The one-year anniversary was creeping around the corner when Luna and Harry finally exchanged words about the laborious favor. Truth be told, it was the last thing he expected to hear when the blonde witch waltzed into the office he shared with Neville and Ron.
"Neville's out on a sweep," Harry said absently, looking over a file.
"I know. You know how hard it is, keeping this from him?" Luna leaned on the desk her boyfriend worked from.
"Getting the right shades of black is a lot harder than you think," mused the witch. She settled unorthodox voluminous robes, deep blue underneath paint spatters, around herself. "So many nuances, which makes sense for the professor, but it can be quite challenging to mix a whole palette of subtly different blacks." Harry watched something in her face change, but he couldn't quite put his finger on it. "Neville's been letting me sample from his greenhouse for ingredients, but I know the curiosity is eating at him."
"It's not causing any problems, is it?" Harry asked warily.
"That's sweet of you to ask, but we're working together on my other project. Everything's fine." This expression, he could recognize. It was the same one Ginny had when she told him about mastering the Wronski Feint. Ron's during a round of chess with Professor McGonagall as the game fell into place. It was elation at a challenge. "This painting, the journey of it, is so alive. More than I expected." Luna added as an afterthought, "He wouldn't thank you for this, you know."
"Professor Snape. Wouldn't thank you. He likes, liked, his privacy. It all makes sense now, even if he wouldn't want it to. Thank you for this chance to understand."

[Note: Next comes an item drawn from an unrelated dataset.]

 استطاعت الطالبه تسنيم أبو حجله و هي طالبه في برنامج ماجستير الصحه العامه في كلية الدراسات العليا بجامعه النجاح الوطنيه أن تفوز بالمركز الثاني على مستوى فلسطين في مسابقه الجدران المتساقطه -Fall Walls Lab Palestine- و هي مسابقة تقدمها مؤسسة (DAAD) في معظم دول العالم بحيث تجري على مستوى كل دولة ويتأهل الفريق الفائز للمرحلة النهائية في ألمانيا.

"Most people would think you were loony for saying yes, you know," Harry leaned back in his chair. It was companionably silent for a while.

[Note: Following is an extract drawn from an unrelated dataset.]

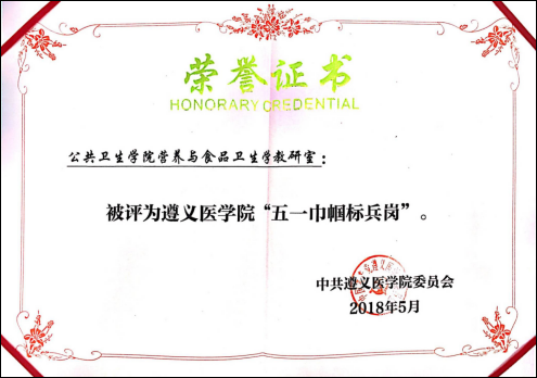 2018年教研室团队获遵义医公司“五一巾帼标兵岗”,连续6次获太阳成集团tyc539科室评比第一名。

"It's only now that people are realizing that those who we love never truly leave us," was the soft reply. And she was right.

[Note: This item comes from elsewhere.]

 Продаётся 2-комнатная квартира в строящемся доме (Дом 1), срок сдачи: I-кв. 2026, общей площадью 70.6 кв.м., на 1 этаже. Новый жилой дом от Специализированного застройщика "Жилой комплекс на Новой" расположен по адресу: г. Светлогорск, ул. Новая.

Harry loathed the phrase "The Final Battle." He loathed the pomp and the circumstance even more. Everyone seemed to make inordinately long speeches. Everyone. He didn't really listen to most of them, preferring to hold Ginny's hand and help Andromeda settle the squirming, wriggling baby that was his godson. He ignored the awards, as best as he could. His ribs would be bruised from Ginny getting his attention so he'd walk up onstage promptly. He didn't pay attention until a painting was revealed.
It hung on the wall where the Room of Requirement once opened its door. It received considerable attention, for it was the newest painting in half a century. Dean, Luna, and Dennis by extension, hadn't had to pay for drinks since its unveiling.
Harry agreed, it was marvelous. Full of smiling faces, though one scarred one was scowling, the beloved deceased from the Order and DA waved at passersby. He'd hugged Hermione harder, gripped Ron's hand more firmly, lingered while kissing Ginny, and spent more time with Teddy after seeing it.
The mural had received so much attention, that another new addition went unnoticed. Luna had completed his request despite N.E.W.T. preparation and the tribute to the fallen. Getting it hung next to Dumbledore's had taken his Cloak, Luna's prior experience at sneaking into the office, and outgoing Headmistress McGonagall's opportune absence.
People who noticed it saw the dim figure of a man hunched over a cauldron. The more perceptive looked harder and they saw deep colors-reds, blues, greens, even purples-in the liberally used black, giving it depth. The man attentively tended to an emerald potion with golden fumes rising from it. one hand stirred whilst the other annotated passages in the book by his side. Only the most observant saw white petals and the crimson ribbon peeking through pages, marking his place.
Most would refuse to acknowledge it, Harry knew. The truth of Severus Snape was too much for some to accept. His tenure at Hogwarts would always be associated with the darkest days of the Second War. But those who gave the portrait a chance-and the numbers grew every few years-would always see the dark eyes gleam with determination and bravery. Always.